→ **What you will do**
Please write out only the lines from the line with "The combination of" to the line with "巴塘縣紀(jì)委監(jiā", inclusive, exactly as they stand below, without the pictures.
(Beginning of Material to process)
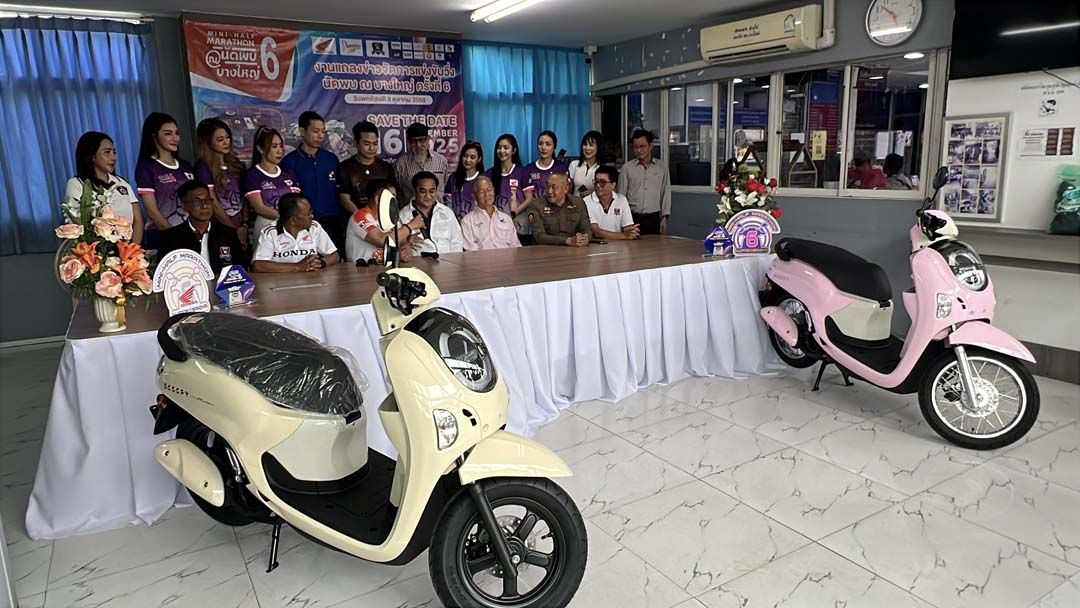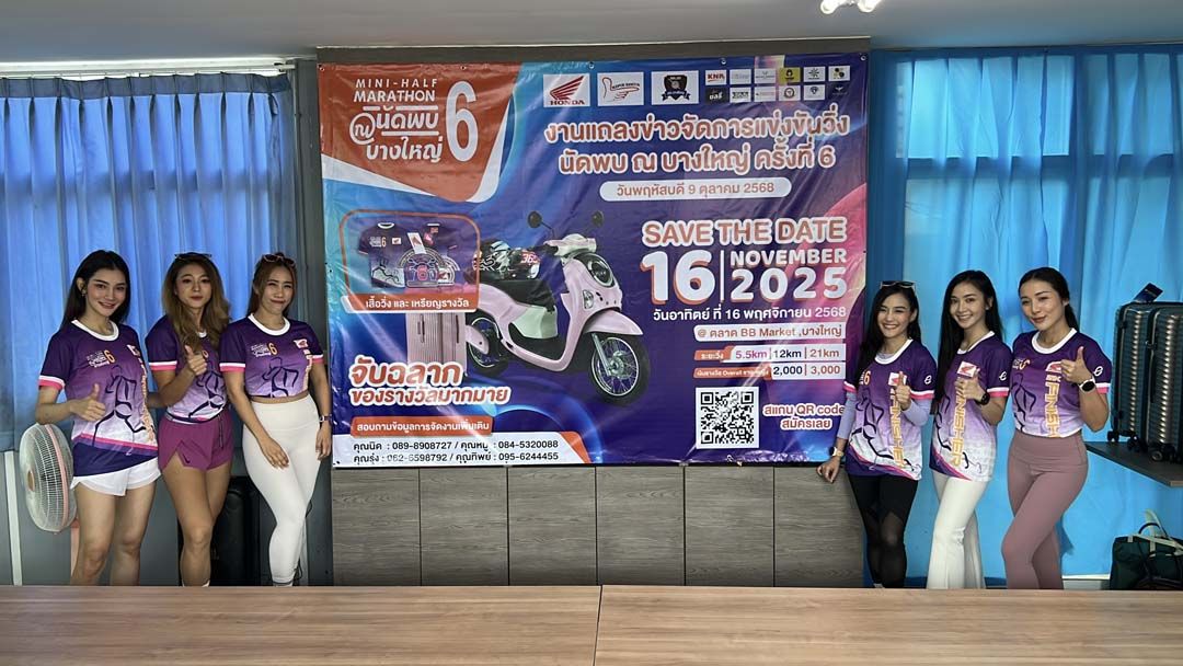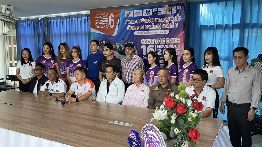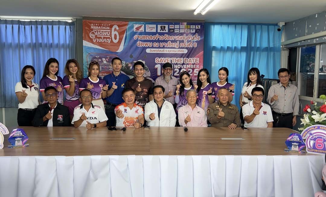 9 ตุลาคม 2568 พ.ต.อ.สิรภพ อนุสิริ ผกก.สภ.บางใหญ่ จ.นนทบุรี นายสุวพันธุ์ โคตพงค์ ประธานคณะกรรมการตรวจสอบและติดตามการบริหารงานตำรวจ (กต.ตร.) สภ.บางใหญ่ นายศรสุทธา กลั่นมาลี หรือถั่วแระ เชิญยิ้ม , เชษฐ์ เชิญยิ้ม ดาราตลกชื่อดัง ได้ร่วมกันแถลงข่าวจัดการแข่งขันวิ่งนัดพบ ณ บางใหญ่ ครั้งที่6 จัดขึ้นที่บริเวณหน้าตลาด BB บางใหญ่ Market ต.เสาธงหิน อ.บางใหญ่
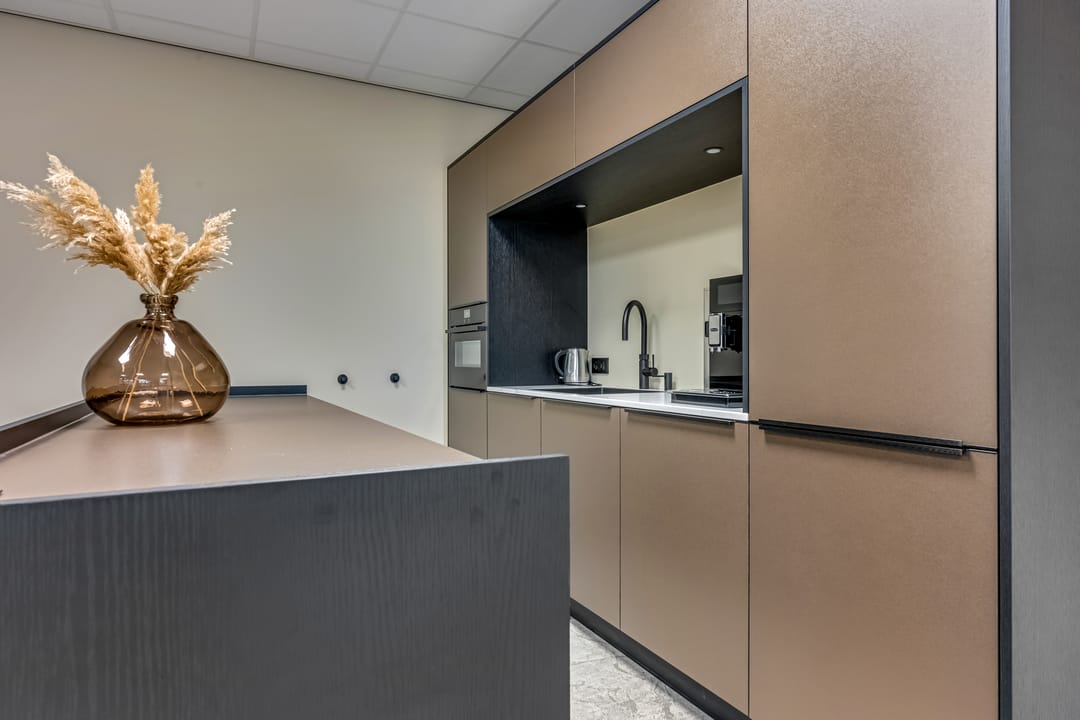 Koffiehoek met een luxe keuken en zithoek voor informele gesprekken en ontspanning.
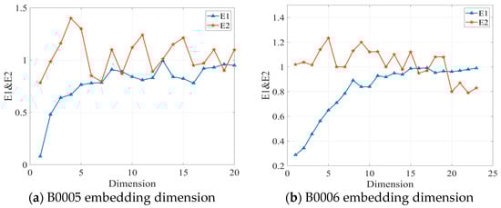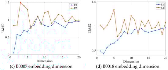 According to the definition of the mutual information method, the time delay corresponding to the first minimum value of the mutual information function I(X,Y) is taken as the time delay. Combined with the calculation results of Figure 2, it can be obtained that the time delay of the phase space reconstruction of the capacity decay time series of battery B0005 is 5, the time delay of the phase space reconstruction of the capacity decay time series of battery B0006 is 4, the time delay of the phase space reconstruction of the capacity decay time series of battery B0007 is 4, and the time delay of the phase space reconstruction of the capacity decay time series of battery B0018 is 5. After obtaining the delay time, the CAO method can be used to find the optimal embedding dimension. Figure 3 shows the relationship diagram of the optimal embedding dimension–E1&E2 for four different types of batteries using the CAO method.
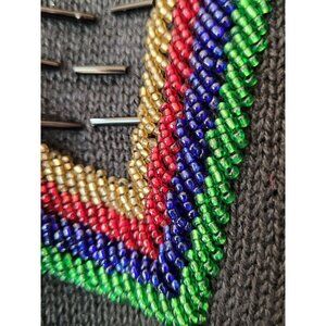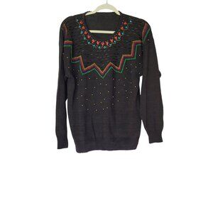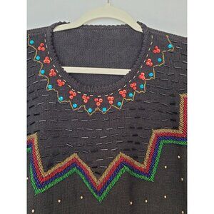 Vintage Beaded Sweater Embroidered Floral & Chevron Design Size XL
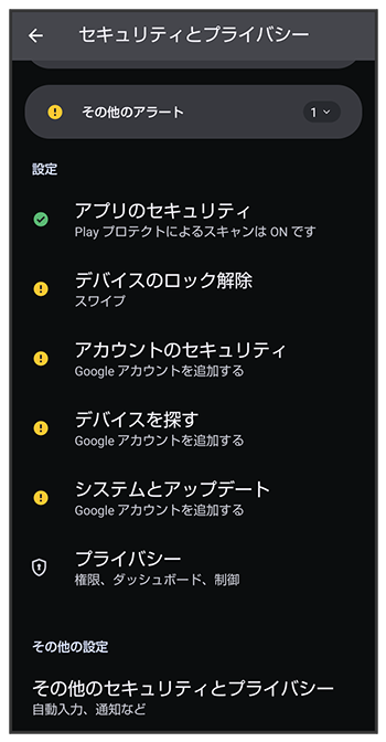 | その他のセキュリティとプライバシー | 、の一部の設定項目がとして追加されます。 がに変更されます。 がに変更され、画面ロック解除方法がまたはのときにも利用できるようになります。 そのほかの項目が一部変更されます。 |
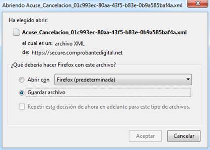 A continuación, aparecerá una ventana similar a la siguiente para confirmar la descarga del archivo XML de acuse de cancelación. Para guardar el archivo en su computadora, seleccione “Guardar archivo” y pulse “Aceptar”.
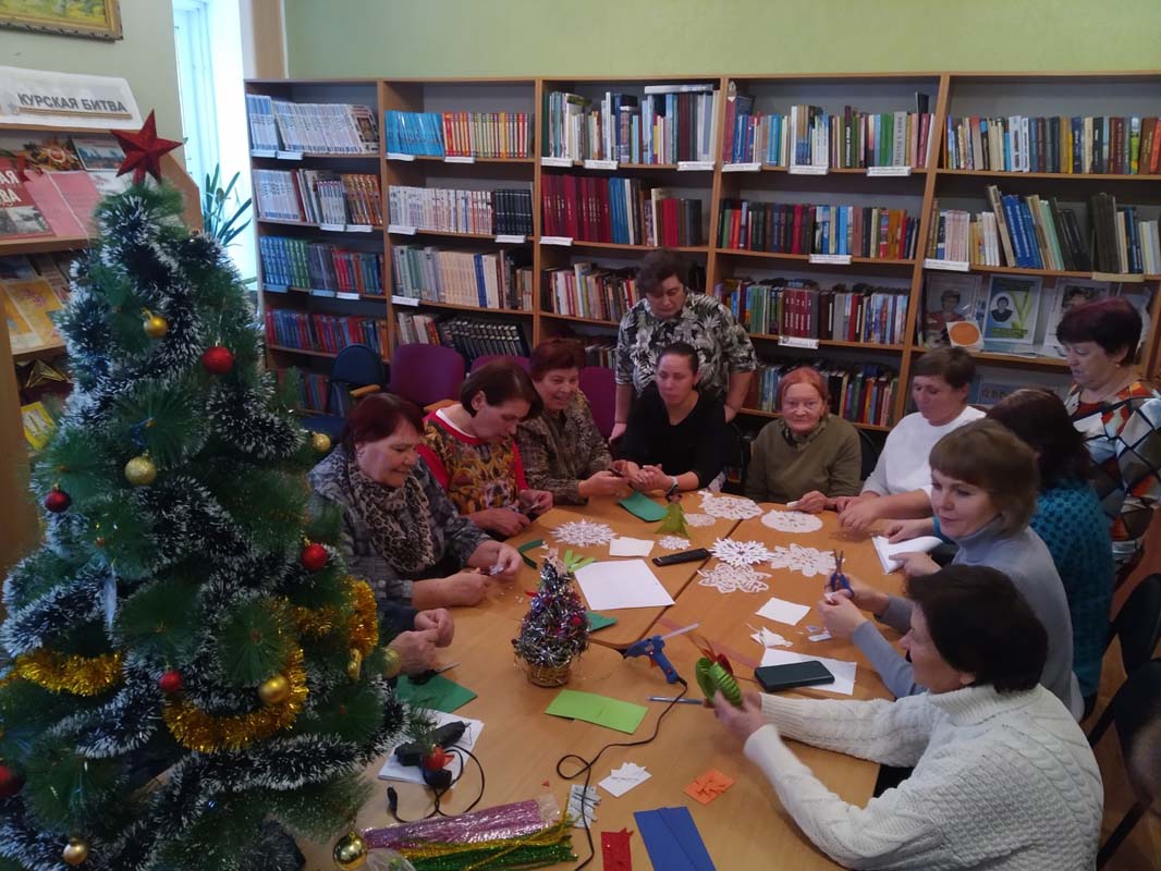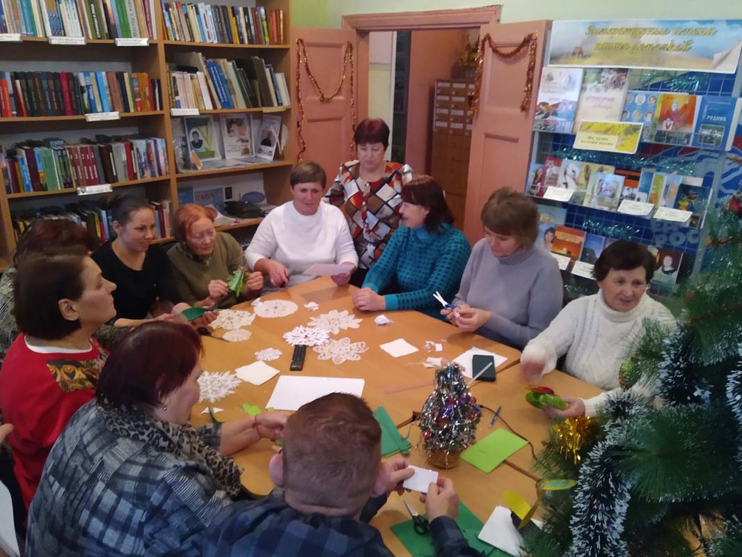 Сегодня в Глушковской межпоселенческой библиотеке продолжила свою работу «Мастерская Деда Мороза». Работник культуры, ОБУСО «КЦСОН Глушковского района» совместно со слушателями Университета пожилого человека погрузились в сказку Нового года, создавая нарядные снежинки из пушистой пряжи и разноцветной бумаги. А креативные ёлочки на подставках, новогодние игрушки из фоамирана - удивительный подарок для любимых родных и друзей.
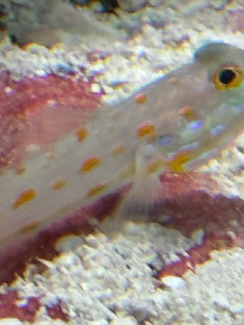 It is quite a colorful tank, full of active, vibrant and happy fish. The only two that are missing are the gobies. We have nots seen them since we dropped them in. Here are some photos of them. I think Trigger might have gotten hungry and made a snack of them.
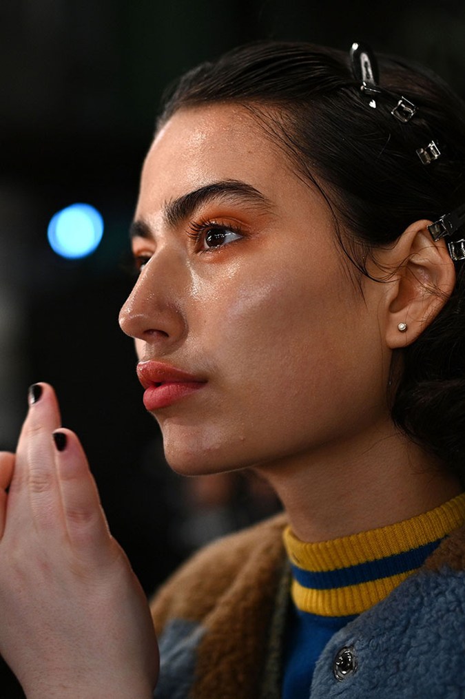 The combination of muted brown lipstick and the touch of gold metallic hues on the inner corners adds texture and depth to the overall makeup look. As for the brows, models just wore a swipe of MAC Cosmetics Brow Set to keep them in place.
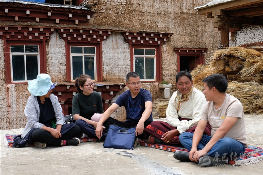 巴塘縣紀(jì)委監(jiān)委干部在訪村入戶過(guò)程中與群眾席地而談。
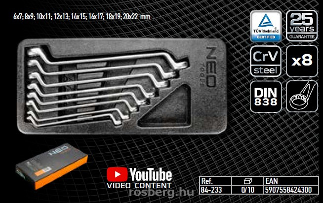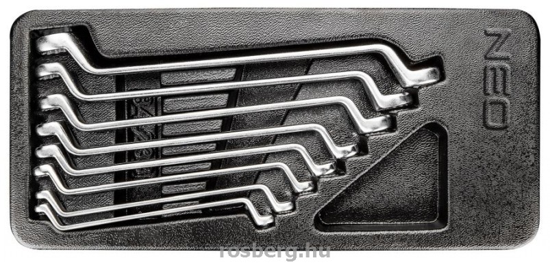 NEO Csillag kulcs készlet, hajlított (Ref.sz. 84-233) 8 db normális méretű kulcsot tartalmaz (6 - 22 mm), a DIN 838 szabvány szerint készült. A kimagasló minőségű króm-vanádium acél biztosítja a kulcsok sokéves tartósságát. A szerszámok praktikus, a NEO 84-221 és 84-222 szerszámos szekrények fiókjaiba illő műanyag bőröndben leszállítva. A termék megbízhatóságát a 25 éves garancia igazolja. A NEO márka a professzionális igényeket is kielégíti.
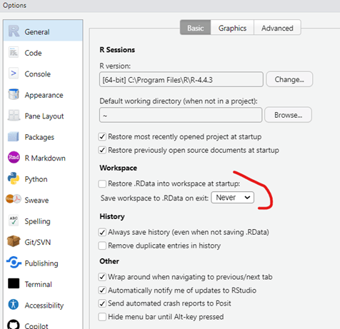 En parlant de global option, veuillez bien à DECOCHER l’option de workplace. En tant que chercheur, on ne veut jamais enregistrer les rdata car les chercheurs qui voudraient reproduire notre résultat ne le pourraient pas. Il y a des cas où l’on veut enregistrer notre environnement, mais dans ce cas on peut le faire à la main :
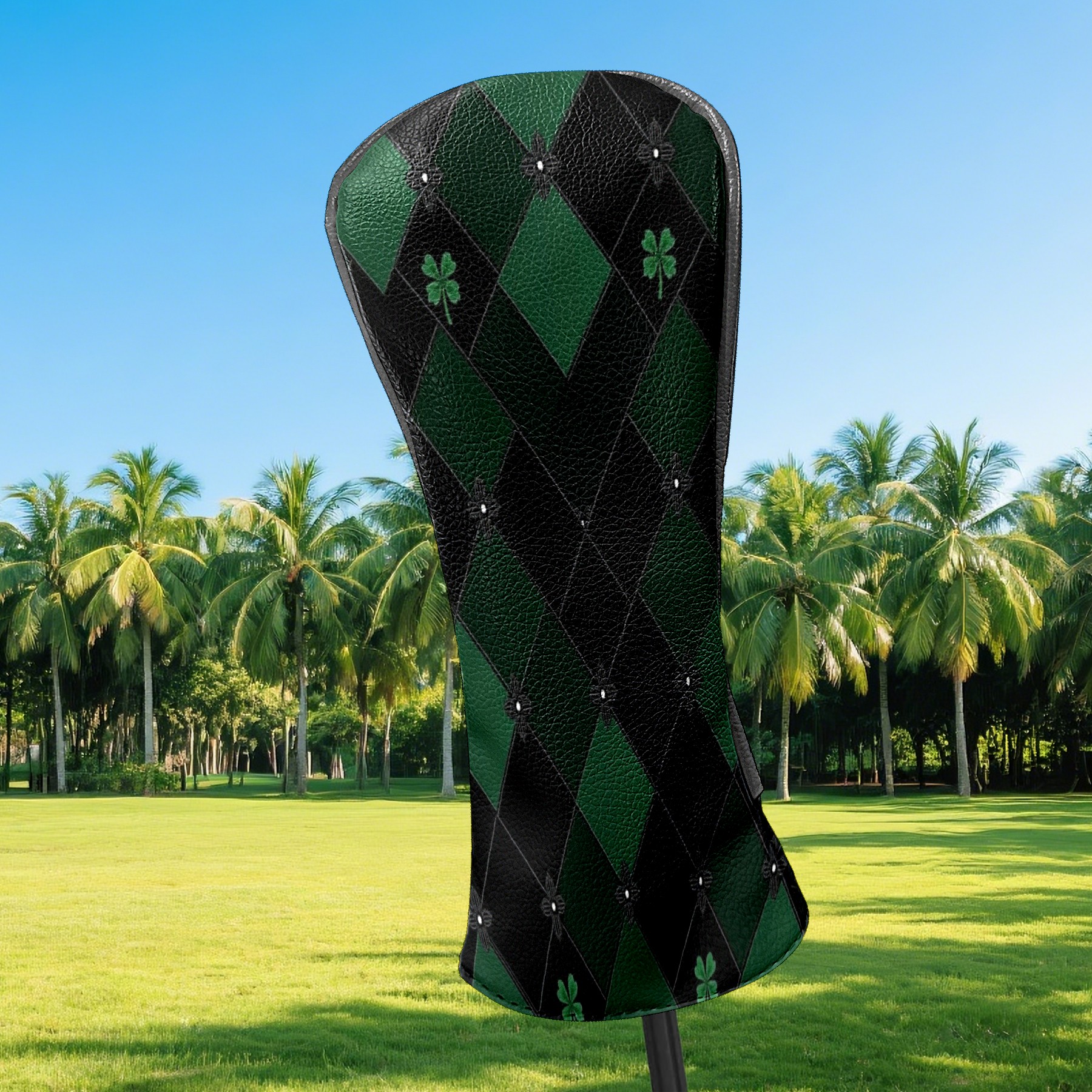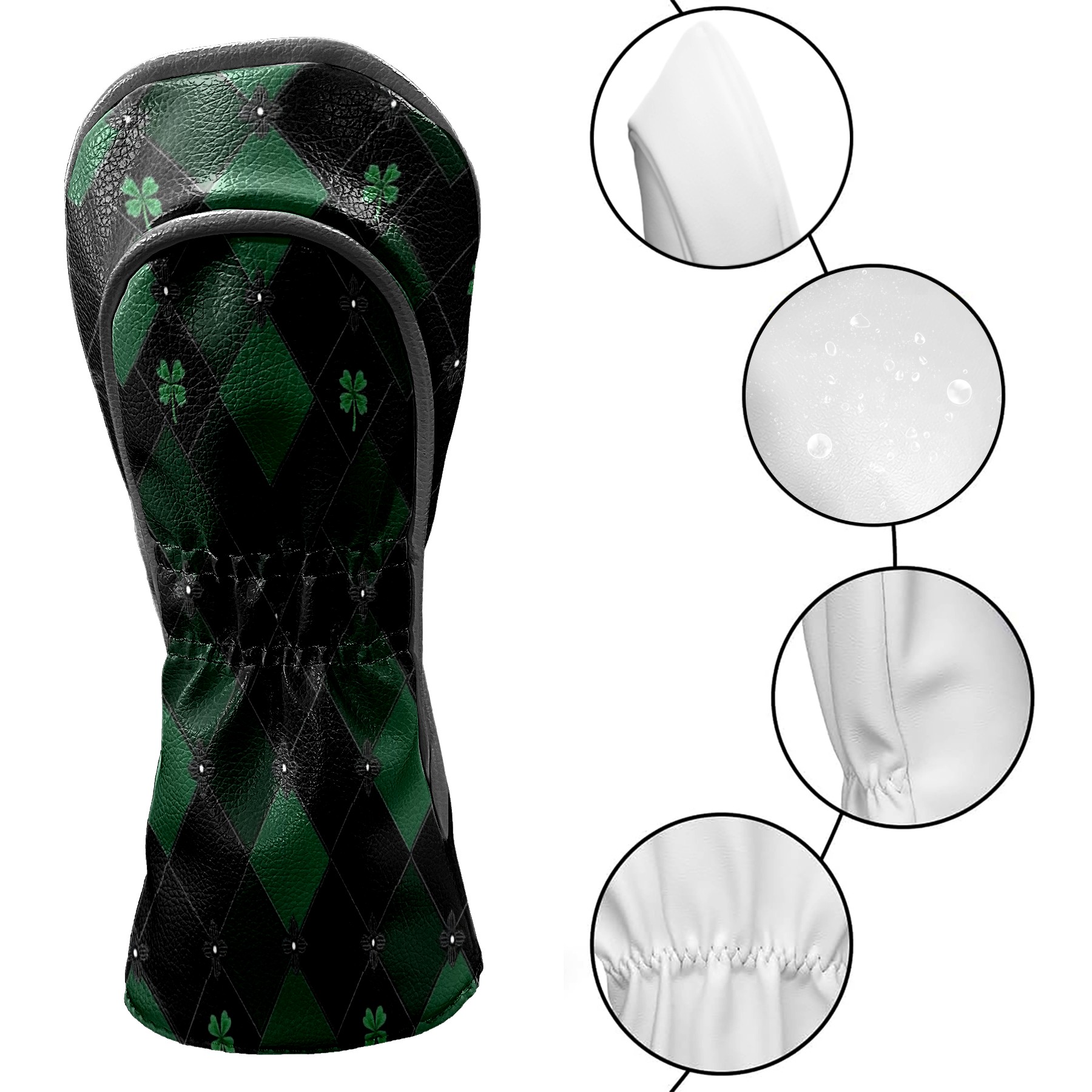Golf Headcovers Fits Driver Hybrid Fairway 3/5 Wood, Waterproof PU Leather Golf Club Protector, Ideal Sports Accessories & Golfer Gift Green Clover Pattern5
(End of Material to process)
→ **Task response**
 The combination of muted brown lipstick and the touch of gold metallic hues on the inner corners adds texture and depth to the overall makeup look. As for the brows, models just wore a swipe of MAC Cosmetics Brow Set to keep them in place.
 巴塘縣紀(jì)委監(jiān)委干部在訪村入戶過(guò)程中與群眾席地而談。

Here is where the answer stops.